**EXERCISE DESCRIPTION**
Would you write out the listing verbatim and skip every picture in it?

**DATA EXCERPT**
»»

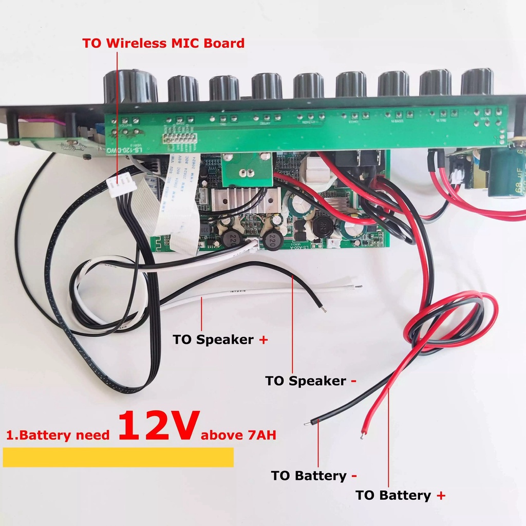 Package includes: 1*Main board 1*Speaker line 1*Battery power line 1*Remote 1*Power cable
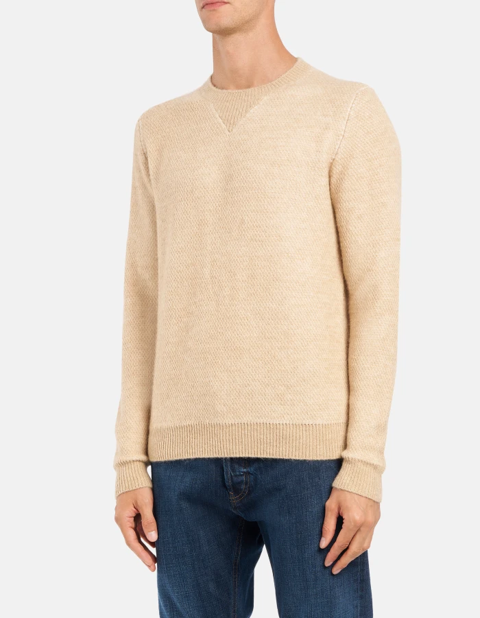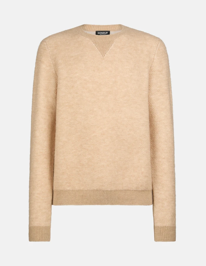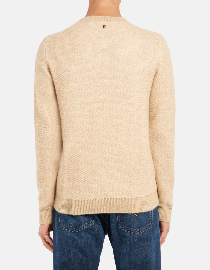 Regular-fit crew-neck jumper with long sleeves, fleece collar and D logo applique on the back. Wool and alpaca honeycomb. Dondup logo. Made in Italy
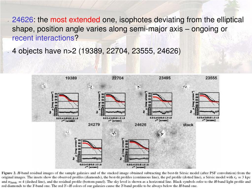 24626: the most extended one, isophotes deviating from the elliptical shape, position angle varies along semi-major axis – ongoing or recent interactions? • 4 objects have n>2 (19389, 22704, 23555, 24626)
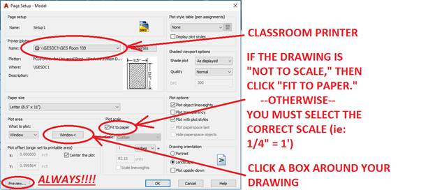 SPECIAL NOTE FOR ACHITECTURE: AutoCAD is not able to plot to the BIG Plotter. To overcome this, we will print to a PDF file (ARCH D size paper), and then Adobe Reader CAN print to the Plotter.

««

**RESPONSE**
 Package includes: 1*Main board 1*Speaker line 1*Battery power line 1*Remote 1*Power cable
 Regular-fit crew-neck jumper with long sleeves, fleece collar and D logo applique on the back. Wool and alpaca honeycomb. Dondup logo. Made in Italy
 24626: the most extended one, isophotes deviating from the elliptical shape, position angle varies along semi-major axis – ongoing or recent interactions? • 4 objects have n>2 (19389, 22704, 23555, 24626)
 SPECIAL NOTE FOR ACHITECTURE: AutoCAD is not able to plot to the BIG Plotter. To overcome this, we will print to a PDF file (ARCH D size paper), and then Adobe Reader CAN print to the Plotter.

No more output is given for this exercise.